Cyber Insurance: A Strategic Priority for Digital Risk Management

Understanding Cyber Insurance

Cyber threats are now part of the daily reality of organizations, regardless of their size or industry. Ransomware attacks, data breaches, service interruptions: digital risks are multiplying and can have major financial, legal and reputational impacts. In the face of these threats, cyber insurance is becoming an essential risk management tool.

Cyber insurance aims to cover the financial impacts of a cybersecurity incident. It can include:

  • incident response costs (cybersecurity experts, lawyers, public relations);
  • business interruption losses;
  • legal fees and regulatory fines (within certain limits);
  • civil liability in the event of a privacy breach or damage caused to third parties;
  • reputation management and post-incident communication campaigns.

Organizations turn to this type of insurance not only to limit financial consequences, but also to strengthen their compliance (particularly with regard to privacy) and reassure their business partners.

Choosing the Right Coverage

The cyber insurance underwriting process starts with a thorough assessment of your organization’s unique requirements. There is no universal policy: coverage, exclusions and limits vary considerably from one policy to another.

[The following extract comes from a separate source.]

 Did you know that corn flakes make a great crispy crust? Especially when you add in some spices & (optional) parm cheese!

Key considerations include:

  • the type of coverage: first party (direct damages) vs. third party (third-party liability);
  • indemnity caps and deductibles;
  • exclusions (e.g., natural disasters, gross negligence, failure to update systems);
  • included services: incident assistance, cybersecurity audits, training.

This assessment ensures that the insurance policy is tailored to your organization’s specific risks, rather than relying on a one-size-fits-all solution.

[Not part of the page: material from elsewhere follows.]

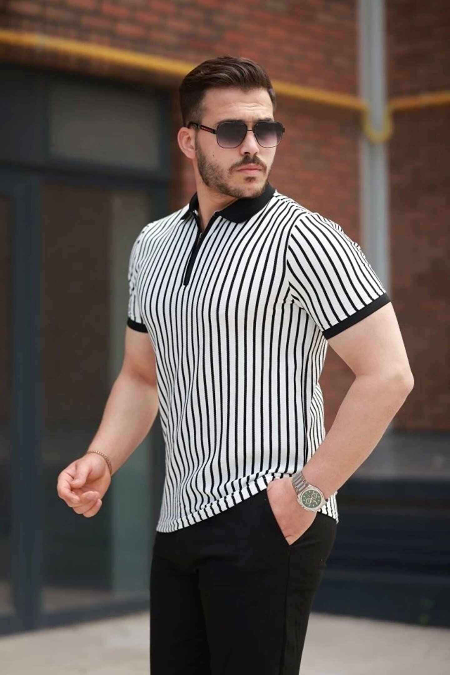 novafems Erkek Çizgili Fermuar Yakalı Kısa Kollu Tişört

The decision Future Electronics Inc. (Distribution) c. Chubb Insurance Company of Canada illustrates the importance of carefully choosing the coverage required by the organization.[1] In this case, Future Electronics believed they were receiving emails from their supplier’s CFO, indicating new banking information for their payments, when in fact they were dealing with fraudsters. Future Electronics transferred approximately US$2.7 million to fraudulent bank accounts before realizing that their supplier’s CFO never contacted them. Future Electronics made a claim under the computer fraud or wire transfer fraud clauses, which provided for a limit of US$25 million. The insurance company denied the claim and instead offered coverage of US$50,000 under the social engineering clause. The two parties, unable to agree on the interpretation of various contractual clauses, submitted the matter to the Court for resolution. The Court ruled in favour of the insurance company, as the fraud experienced by Future Electronics clearly and exclusively fell under the application of the social engineering clause.

The decision confirms that the coverage offered for this type of risk is limited by specific clauses, which restrict protection to certain fraud scenarios. A comprehensive understanding of your cyber insurance policy’s provisions and limits is crucial to avoid unpleasant surprises.

Risk Declaration and Its Implications

The cyber insurance underwriting process involves a detailed and often complex risk declaration form. The insurer assesses your organization’s cybersecurity maturity by reviewing your internal policies, technical measures, incident history and regulatory compliance.

Any inaccurate, incomplete or misleading statement may render the contract null and void or lead to a denial of indemnity. Moreover, in Travelers Property Casualty Company of America v. International Control Services (“ICS”)[2], ICS was the victim of a ransomware attack. The organization filed a claim under its cyber insurance with Travelers, which declined to provide indemnification. During its assessment of the claim, Travelers discovered that ICS had provided inaccurate information in the declaration form at the time of underwriting. ICS had stated that multi-factor authentication had been put in place. However, Travelers’s investigation revealed that multi-factor authentication was not being used to protect the server and other digital assets. As a result, ICS was not indemnified, and Travelers terminated the insurance policy.

When completing the form, it is therefore important to:

  • provide accurate and up-to-date information;
  • involve the IT and legal teams;
  • document existing security measures.

This process also gives your organization the opportunity to review its practices, identify vulnerabilities and adjust existing measures accordingly.

Conclusion

Cyber insurance is more than just a policy—it is part of a broader digital risk management strategy. To fully benefit from it, your organization must not only understand the coverage provided but also be able to demonstrate the strength of its cybersecurity practices.

As legal professionals specializing in technology, privacy and cybersecurity, we can assist you at every step: from evaluating your internal practices to selecting suitable coverage, including the rigorous preparation of the subscription form. This support helps reduce the risk of disputes with the insurer while strengthening your organizational resilience.


[1] Future Electronics Inc. (Distribution) Pte Ltd. c. Chubb Insurance Company of Canada, 2020 QCCS 3042 (CanLII).

[2] Travelers Property Casualty Company of America v. International Control Services, Inc., 2:22-cv-02145-CSB-EIL (C.D. Ill. July 6, 2022).